Постояв с минуту, он подошел к небольшому секретеру и открыл стоявший на нем компьютер Аннаки.
— Не надо, — сказала она, не отрывая глаз от нот, — вы меня отвлекаете.
Борн сел у секретера, купаясь в волнах изумительной музыки.
Когда ноктюрн был закончен и последние ноты все еще отдавались эхом в разных уголках квартиры. Аннака встала из-за рояля и вышла на кухню. Борн слышал, как в дно мойки ударилась тугая струя. Вода текла долго — видимо, женщина ждала, пока она станет холоднее. Затем хозяйка квартиры вернулась со стаканом воды и осушила его, не отрываясь. А пока она пила, Борн со своего места у секретера рассматривал изысканный изгиб ее шеи и несколько небрежно выбившихся из прически локонов цвета начищенной меди.
* * *
— Вы вчера показали себя просто молодцом! — похвалил ее Борн.
— Кстати, спасибо за то, что помогли мне спуститься с тех кошмарных карнизов, — потупилась Аннака, словно желая показать, что не заслуживает его похвалы. — Я за всю свою жизнь так не боялась.
Они сидели в кафе с хрустальными люстрами, бархатными кушетками и матовыми конусами бра на стенах из вишневого дерева. Столик, за которым они устроились, располагался у окна в дальнем конце почти пустого в этот час кафе, так что все помещение просматривалось, как на ладони.
— Сейчас меня больше всего тревожит то, что за квартирой Молнара наблюдали, — озабоченно проговорил Борн. — Ничем иным столь... гм... своевременный приезд полиции объяснить невозможно.
— Но зачем кому-то понадобилось наблюдать за квартирой?
— Чтобы знать, когда мы там окажемся. С тех пор как я приехал в Будапешт, за мной постоянно кто-то следит.

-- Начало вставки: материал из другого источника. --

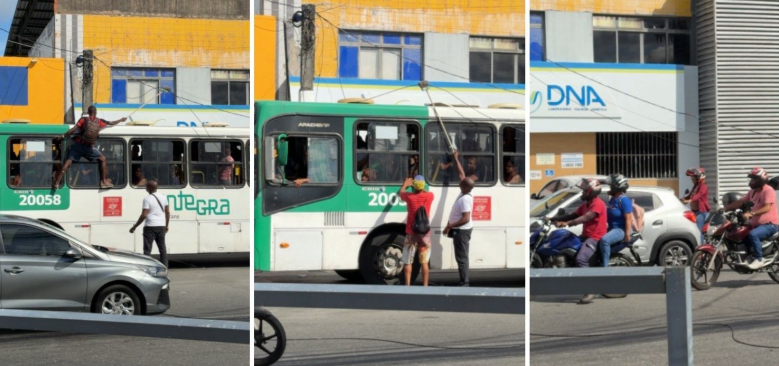 Ônibus fica preso em fios soltos e causa congestionamento em Salvador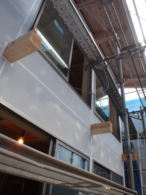外壁のパワーボード工事が終わり次はシーリング工事が。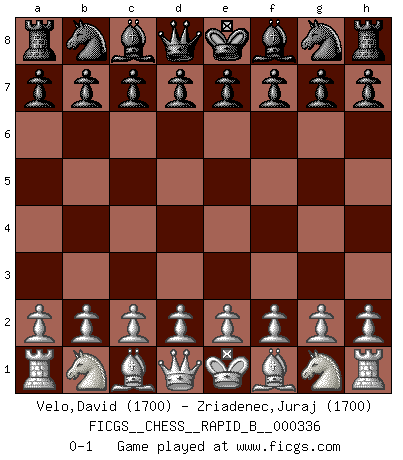 Last move : 0-1 2020 March 18 2:54:18 [Event "FICGS__CHESS__RAPID_B__000336"] [Site "FICGS"] [Date "2020.02.17"] [Round "1"] [White "Velo,David"] [Black "Zriadenec,Juraj"] [Result "0-1"] [WhiteElo "1700"] [BlackElo "1700"] 0-1 This chess game has been lost on time (started : 2020.02.17 0:39:52) Player Black won this chess game. Follow this game move after move (download)A strong memory, concentration, imagination, and a strong will is required to become a great Chess player. (Bobby Fischer) Den Ruhm habe ich schon, jetzt brauche ich noch das Geld. (Wilhelm Steinitz) Hasta este punto, las blancas han seguido un análisis bien conocido. Pero ahora el hace un error fatal: empieza a usar su propia cabeza. (Siegbert Tarrasch) On peut tirer plus d'utilité d'une partie perdue que de 100 parties gagnées. (Capablanca) When you stop learning you start dying. (M. Scott Adams)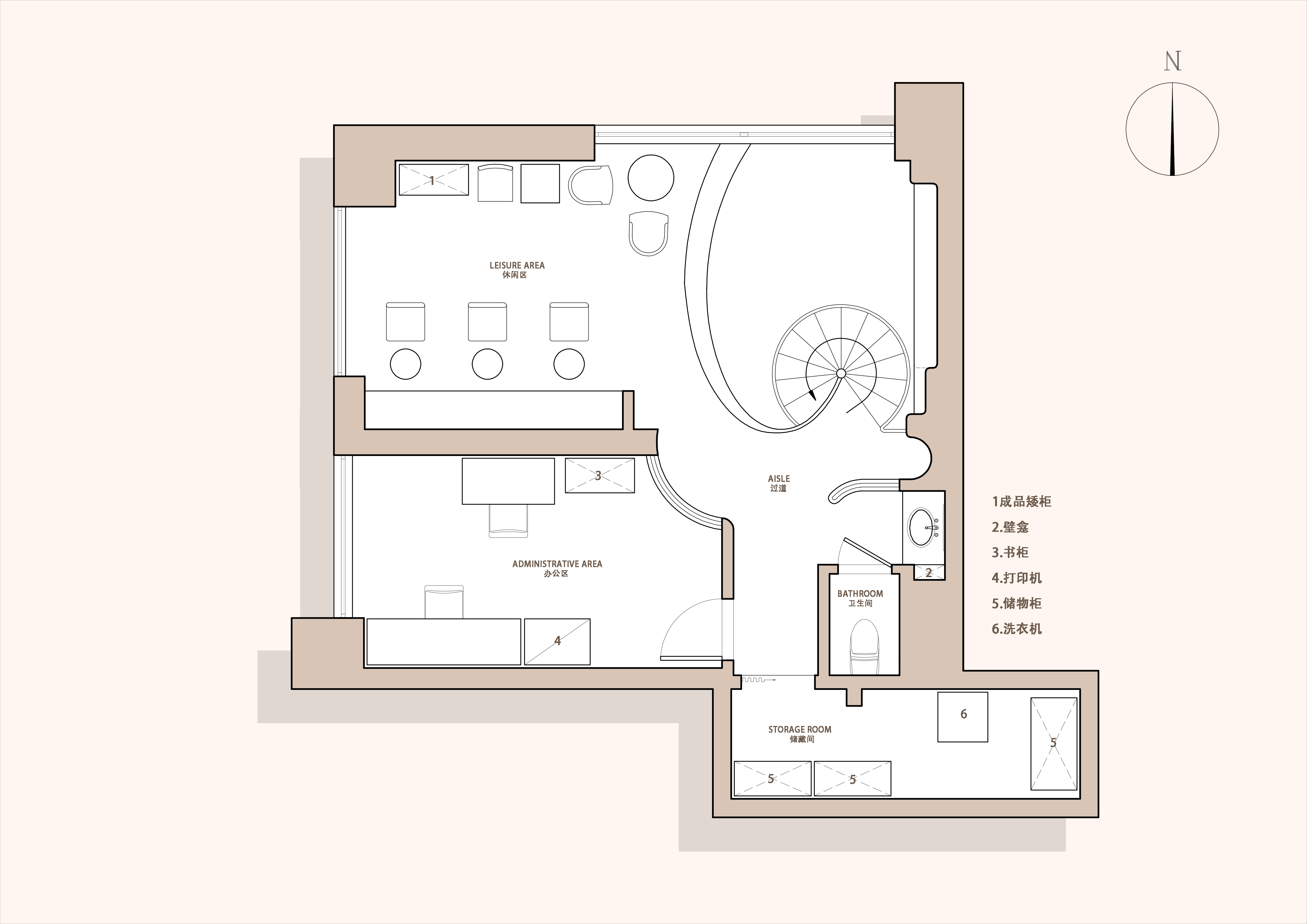 整个空间在满足功能使用的前提下,以偏日式ZAKKA元素为主导,其中结合现代、内建筑、流体等范畴,让空间氛围温馨、时尚,有记忆点、差异化。使用5米挑高区制作开架展示区,安放器皿和饰品突出主题,生活化。同时可布置灯光,使之成为营造氛围利器,让人过目不忘。布置单人位,在忙碌完一天工作后可在此坐观海面放空;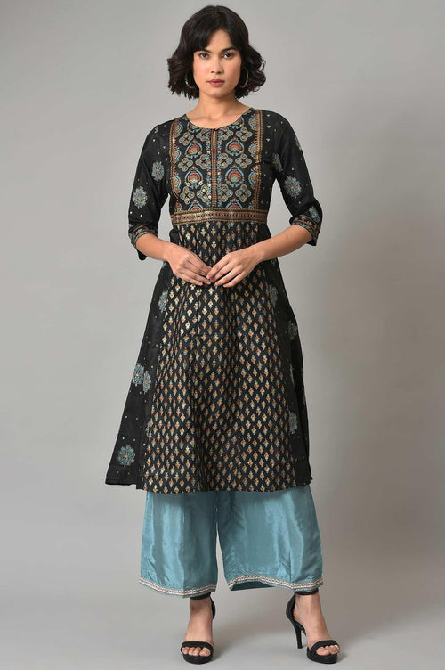 Get Ready For The Night Occasion In This Elegant Black Panelled kurta. The kurta Has Foil Print On It And Keyhole Neckline. It Is Paired With Blue Parallel Pants Having Border On Hemline.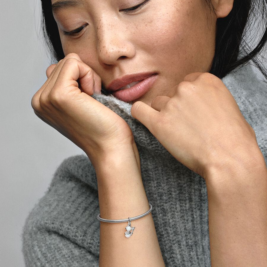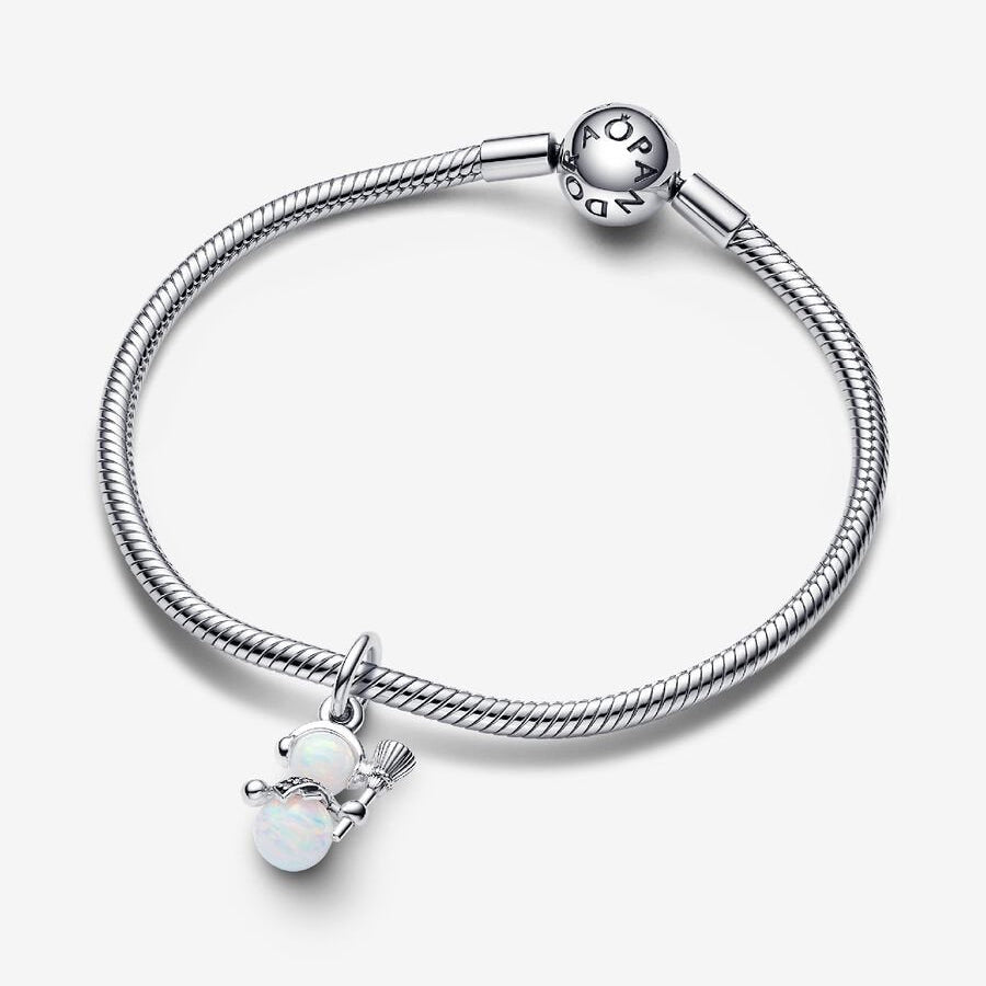Celebrate the magic of winter with the Opalescent Dangle Snowman Charm from Pandora. This delightful design captures the joy of snowy days with two luminous lab-created opals forming the snowman’s body. The sterling silver charm sparkles with pavé details on the scarf, a grooved broom, and tiny microbeaded ear-warmers for a touch of playful elegance. Perfect for adding festive charm and a winter glow to your Pandora collection.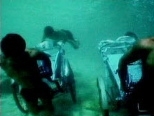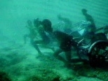 Shot in Vietnam's Indochina Sea, "Memorial Project Nha Trang, Vietnam Towards the Complex--For the Courageous, the Curious and the Cowards" (2001) depicts a number of young men struggling to propel cyclos underwater across the rock-strewn and sandy ocean floor. Working in teams, they pull, push and pedal the passengerless vehicles. Periodically and in ever-shortening cycles, they rush up to the surface for air or risk drowning. Finally, the drivers abandon their cyclos and swim together toward an underwater "city" of tents made from white netting strung between boulders. The clear blue water, sunlight dappling the ocean floor, and gentle flute music composed by Quoc Bao and Nguyen-Hatsushiba provide stark contrast in this metaphor for an endangered way of life.
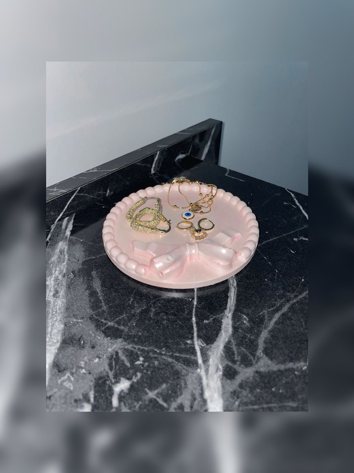 Pembe pastel renkte, boncuk işlemeli modern takı tabağı dilerseniz fincan altlığı olarak ta kullanabilirsiniz.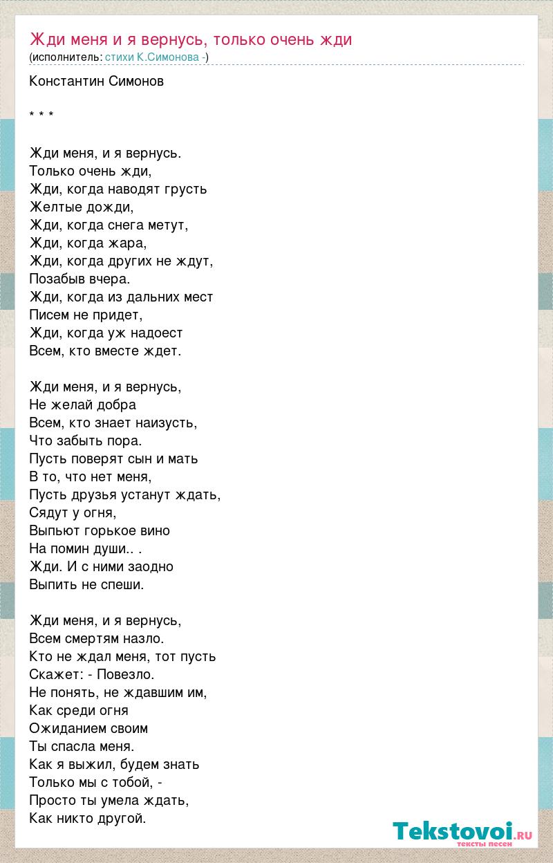 Константин Симонов * * * Жди меня, и я вернусь. Только очень жди, Жди, когда наводят грусть Желтые дожди, Жди, когда снега метут, Жди, когда жара, Жди, когда других не ждут, Позабыв вчера. Жди, когда из дальних мест Писем не придет, Жди, когда уж надоест Всем, кто вместе ждет. Жди меня, и я вернусь, Не желай добра Всем, кто знает наизусть, Что забыть пора. Пусть поверят сын и мать В то, что нет меня, Пусть друзья устанут ждать, Сядут у огня, Выпьют горькое вино На помин души.. . Жди. И с ними заодно Выпить не спеши. Жди меня, и я вернусь, Всем смертям назло. Кто не ждал меня, тот пусть Скажет: - Повезло. Не понять, не ждавшим им, Как среди огня Ожиданием своим Ты спасла меня. Как я выжил, будем знать Только мы с тобой, - Просто ты умела ждать, Как никто другой.

Аннака бросила нервный взгляд в окно.
— А сейчас? От мысли о том, что кто-то следит за моей квартирой, за нами, у меня мурашки по коже бегут.
— От вашей квартиры и до этого места за нами никто не следил, я в этом убедился. — Принесли их заказ, и Борн умолк, а после того как официант удалился, продолжил: — Вспомните, какие предосторожности мы предприняли вчера, после того как улизнули от полиции. Поехали в разных такси, дважды меняли направления.
Аннака кивнула.
— Я тогда слишком устала, чтобы противиться вашим странным инструкциям.
— Никто не знает, куда мы поехали и что теперь мы — вместе.
— И на том спасибо, — проговорила она с глубоким вздохом облегчения.
* * *
«Несмотря на самонадеянную уверенность Спалко в том, что Борну до него нипочем не добраться, тот с каждым днем подбирается к его логову все ближе и ближе», — злорадно подумал Хан, увидев Борна и женщину, выходящих из дома, где располагалась ее квартира. Каким-то образом Борну стало известно и про Ласло Молнара — того самого человека, который привлек внимание Спалко. Более того, он выяснил, где живет Молнар, и, когда приехала полиция, судя по всему, находился в его квартире. Чем важен Молнар для Борна? Хану предстоит это выяснить.
Он провожал взглядом Борна и женщину, удалявшихся по улице, а затем выбрался из машины и вошел в подъезд, откуда они только что вышли. Открыв дверь вестибюля отмычкой, он двинулся по коридору, а затем, поднявшись на лифте на верхний этаж, нашел дверь, ведущую на крышу. Она, естественно, была подключена к сигнализации, но для Хана обмануть эту примитивную систему было плевым делом. Выйдя на плоскую крышу, он подошел к ее краю, глянул вниз и увидел широкий карниз. Вскоре, спустившись на него, Хан подошел к тем самым окнам, которые вчера ночью загорелись после возвращения домой неизвестной спутницы Борна. Первое оказалось запертым, но второе поддалось его усилиям, и через секунду Хан спрыгнул на пол квартиры.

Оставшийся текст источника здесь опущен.